19 February 2017
When I was learning to be an engineer, people told me two different stories about application performance. The first was that while it's fun to work on, don't spend too much time on it unless you have to - premature optimization and all that. The second was that really, though, it's good to have a fast system because users like fast systems - that is, performance is a feature. But when it's all said and done, I've mostly been doing web application development, where performance is often seen as a problem to be solved only when encountered in an extremely obvious way ("oh, this request is timing out, better add an index").
While sensible enough on their own, these stories are incomplete: they don't fully capture the impact application speed can have on an engineering team. Specifically, I consistently see teams underestimate the hidden costs of maintaining a slow system. Slow systems imposes huge costs on teams, sometimes without the team even realizing that speed is the fundamental problem. To give a few examples I have encountered:
A Rails deployment with a collection of particularly slow routes required an enormous amount of Unicorn processes - and therefore web servers - to meet a modest but increasing workload. Running so many servers had high second-order costs on the team. Deployments required much more effort, database connection pooling went from optional to completely required, prompting a major project to roll it out, and hardware maintenance costs, both in dollars and time, increased far faster than they would have otherwise.
A team maintaining a batch job pipeline with strict daily SLAs ("the pipeline must be done by 3 PM!") found they were spending so much time monitoring the daily stability of the pipeline that they had difficulty making progress on anything else. On high-volume days, the team needed to respond instantly to failed jobs, forcing them to invest heavily in monitoring, health checks, and job retry mechanisms rather than new products or features.
Similar to above, a team maintaining a slow ETL system found it so difficult to re-run or tweak jobs that they asked for weeks of advance notice for any change to the system's input by upstream teams. Management concurred that the disruption suffered by the ETL team was so severe that all upstream teams needed to carefully coordinate major changes with them. This prompted the introduction of several new layers of change control management and general overhead.
In cases like this, the immediate focus on the team is handling something that is otherwise going to break: "we need to use connection pooling or the database will fall over" or "we need to detect and retry failed jobs immediately or we'll miss our SLA". These responses are totally understandable and, in the moment, absolutely necessary. The critical thing is to step back and assess: where are these problems actually coming from? Is it possible that you don't have a scaling problem as much as a performance problem? What can you do about it?

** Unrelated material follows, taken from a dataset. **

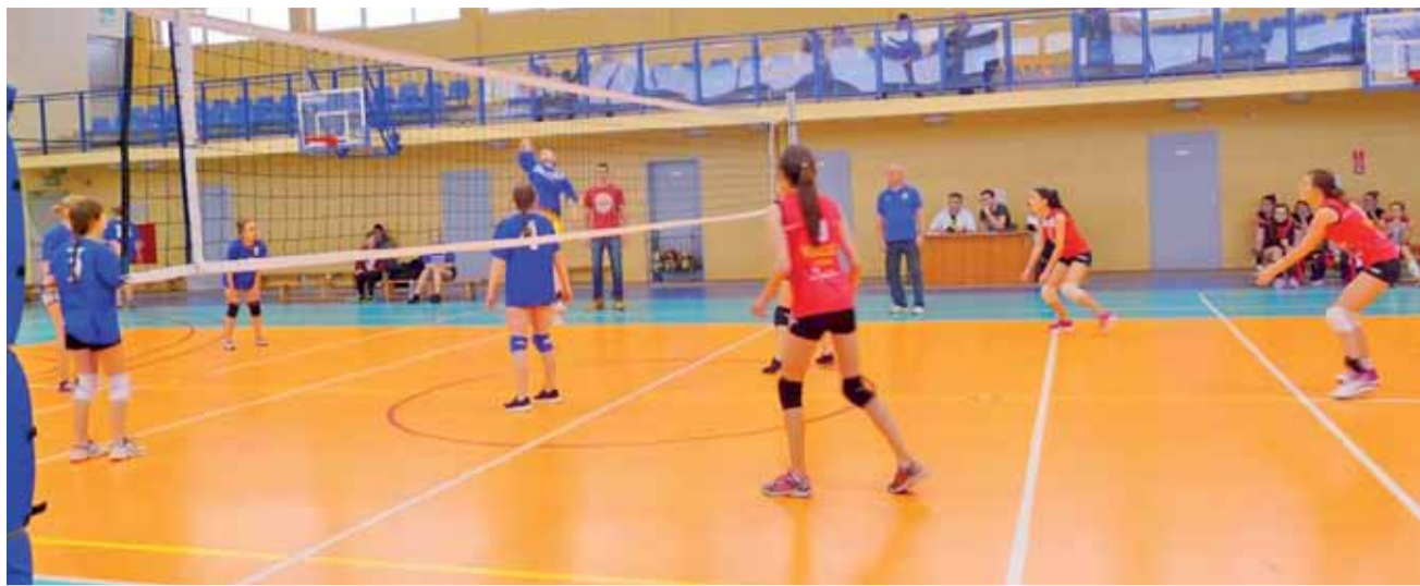
Sobotnie spotkanie siatkarek Volley Team Żychlin z UKS Strzelce podczas 10. kolejki KALS Kobiet, zakończone wygraną VTŻ 2:0.

Piłka siatkowa | Kutnowska Amatorska Liga Siatkówki Kobiet

When viewed from this angle, performance is more like an operational quality such as idempotence than it is a product-level feature. Most engineers will tell you: you can usually work around a lack of idempotence or atomic transactions, it just takes a lot more effort. Teams working on slow systems might be making a similar tradeoff without even realizing it. And unlike idempotence, performance isn't all-or-nothing - it's often pretty easy to make significant gains on the margin. So, next time you're starting to engineer around a problem, ask yourself: would I still be doing this if the damn thing was just faster?